Required action: The answer is to be the lines of the material from its start through the line containing "12月21日,江苏省科协发布", each copied exactly; no pictures.

Provided material:
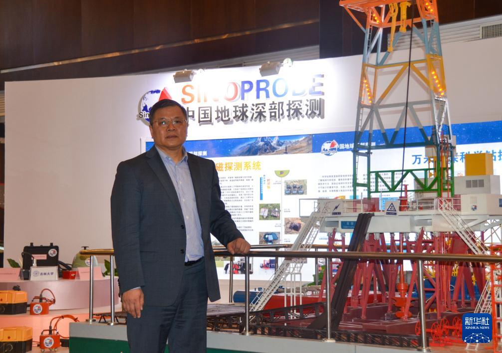 黃大年在中國地球深部探測項目年會上(2013年4月18日攝),身旁是他率領(lǐng)團(tuán)隊研發(fā)的“地殼一號”萬米大陸科學(xué)鉆探機(jī)的展示模型。 新華社發(fā)
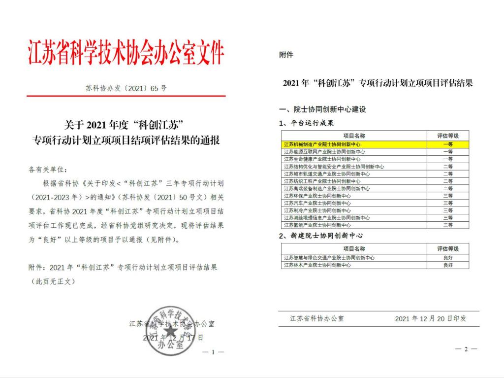 12月21日,江苏省科协发布了2021年“科创江苏”专项行动计划立项项目评估结果,由我校支撑和运营的“江苏机械制造产业院士协同创新中心”获评2021年度评估考核第一等次。全省共有17个院士协同创新中心参加了评估考核,其中3个获评第一等次。这也是中心自2020年成立以来连续两年获评第一等次。
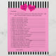 Ce jeu de mariée ou de wedding shower amusant fait un grand ajout à un nuptial ou un wedding shower. Le design présente des rayures noires et blanches comme toile de fond avec deux coeurs roses au sommet. Un coeur dit "Qui sait" et l'autre dit le nom de la mariée (que vous pouvez customiser) sur le dessin. Il y a une place pour le nom de l'invité de la fête, les instructions de jeu et 20 questions sur la mariée. L'idée est de voir qui connaît le plus la mariée avec la personne qui obtient le plus de points gagnant le jeu. Ce qui est génial dans ce jeu de douche nuptiale c'est que vous pouvez le customiser avec le nom de la mariée et vous pouvez le customiser avec la couleur de la mariée comme l'arrière - plan pour les questions...pour ce faire, cliquez sur modifier et choisissez une couleur arrière - plan. Ce jeu de douche nuptiale est présenté sur papier de lin pour faire un beau look pour une douche nuptiale, mais vient aussi dans d'autres papiers. Un jeu amusant et unique en plus de votre douche nuptiale. Copyright henishouseo
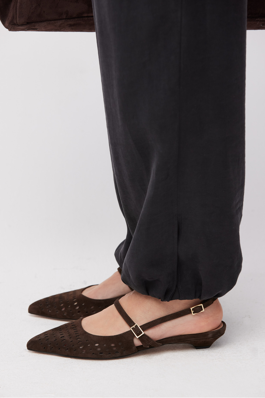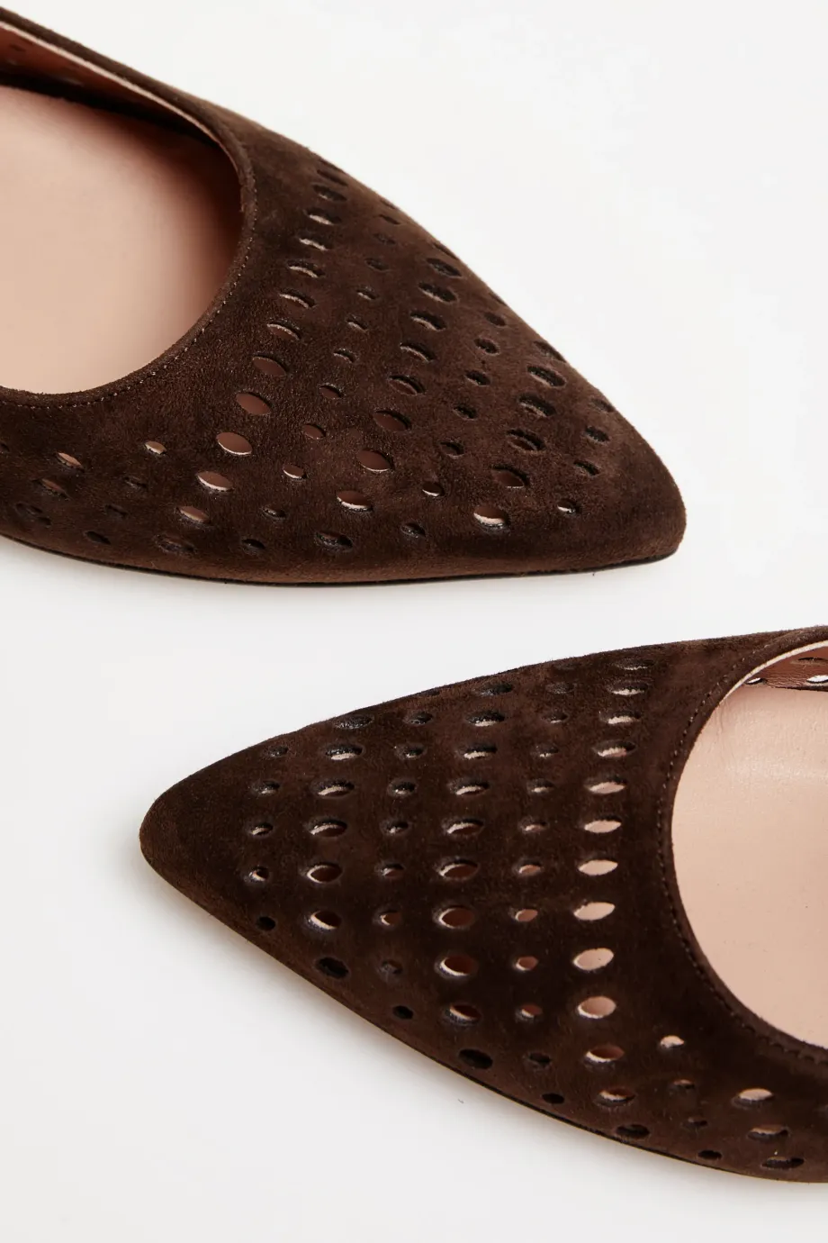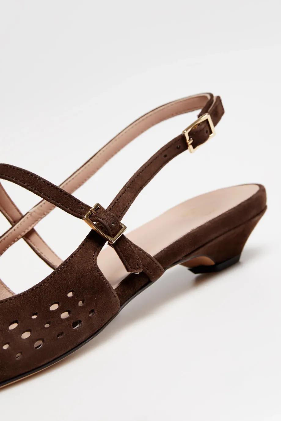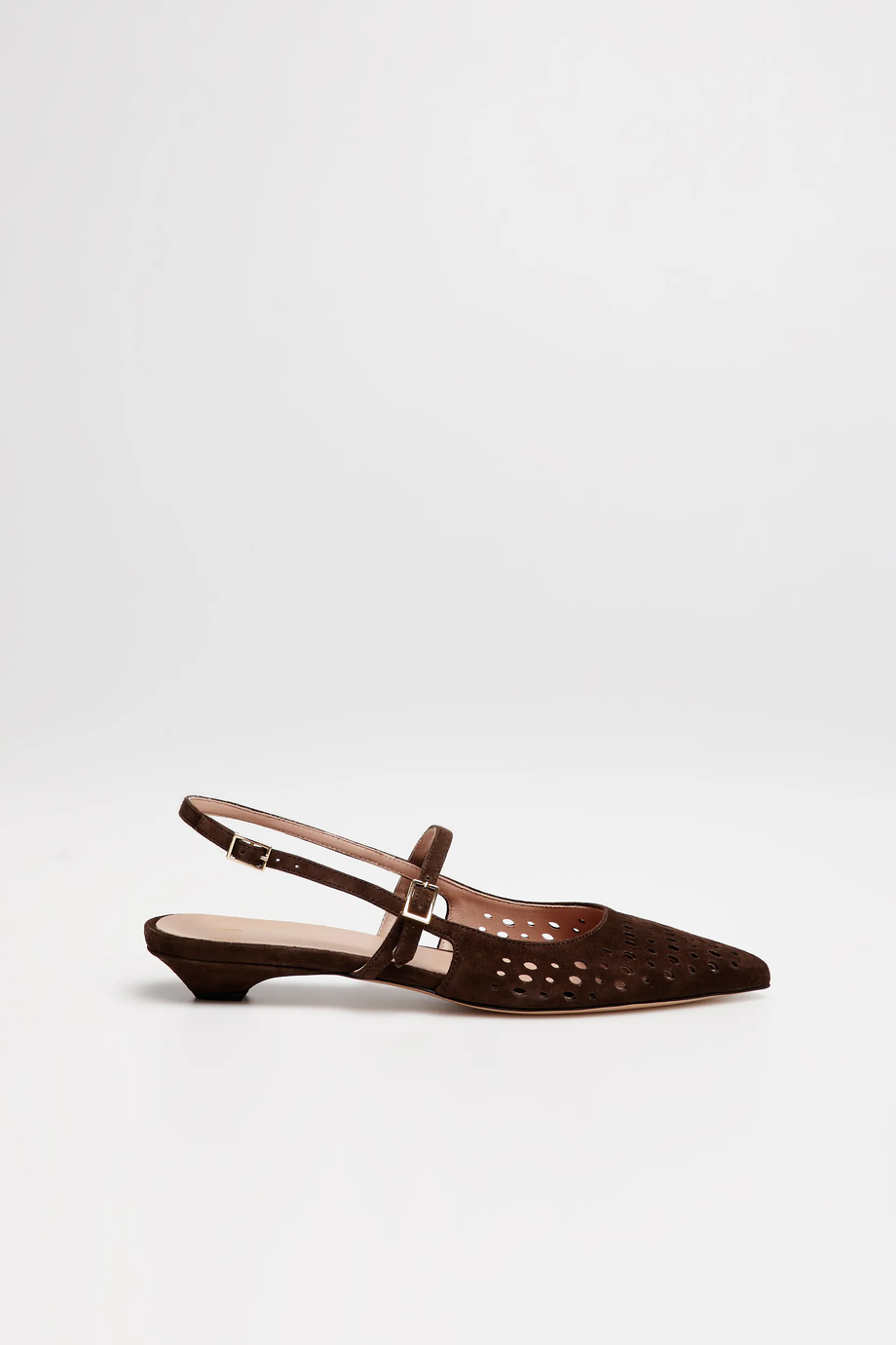 Braune Slingback-Schuhe aus Naturleder. Sehr weiches, perforiertes Ziegenleder. Verstellbarer Verschluss. Niedriger Absatz. Handgefertigt in einer italienischen Manufaktur.

Expected answer:
 黃大年在中國地球深部探測項目年會上(2013年4月18日攝),身旁是他率領(lǐng)團(tuán)隊研發(fā)的“地殼一號”萬米大陸科學(xué)鉆探機(jī)的展示模型。 新華社發(fā)
 12月21日,江苏省科协发布了2021年“科创江苏”专项行动计划立项项目评估结果,由我校支撑和运营的“江苏机械制造产业院士协同创新中心”获评2021年度评估考核第一等次。全省共有17个院士协同创新中心参加了评估考核,其中3个获评第一等次。这也是中心自2020年成立以来连续两年获评第一等次。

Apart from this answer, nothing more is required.